I actually have bean seeds that were brought to Thomas Jefferson at Montecello Va. from the Lewis and Clark expedition during their “Voyage of Discovery”. The seeds were named for the Dakota Arikara tribe encountered by Lewis and Clark. The beans were among significant horticultural “discoveries”. These very same beans I grew, and will continue to grow in my garden, helped sustain the members of the expedition in the bitter winter of 1805. Temperatures averaged 4 degrees! A far cry from the temperatures of this winter.
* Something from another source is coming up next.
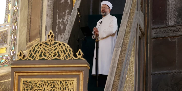 Ayasofya’nın camiye dönüştürülmesiyle kılınan ilk Cuma namazının ardından elinde kılıçla hutbe okuyan Diyanet İşleri Başkanı Ali Erbaş, Ayasofya’da yine kılıçla hutbe okudu.
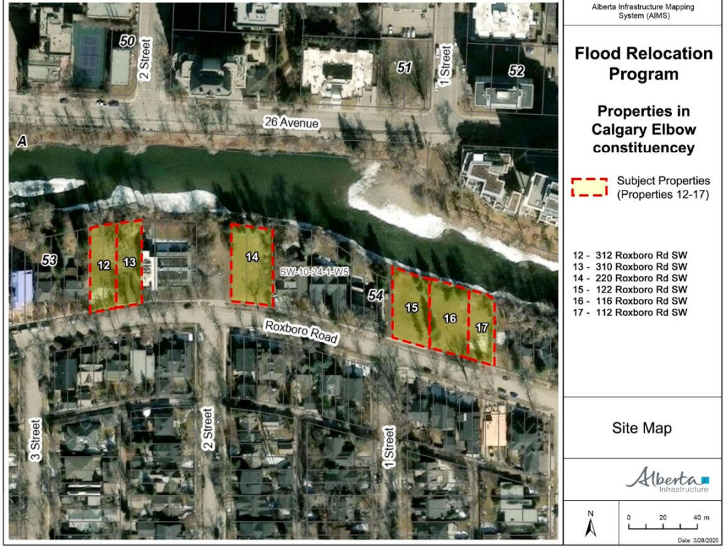 Lots up for sale in Calgary’s Roxboro community that were flooded in 2013 and purchased by the province to allow for flood mitigation. (Alberta Infrastructure)

And that is only one variety  of heirloom seed I own, will continue to save, and treasure. One of the advantages of heirloom seeds is that the seed you save from the “parent” plant will produce a “daughter” plant nearly identical to the “parent” plant. So what this means is, like the seeds for the Lewis and Clark expedition, if saved correctly, you can continue to preserve the amazing plant for many, many years to come.  Now in my opinion this is thrilling!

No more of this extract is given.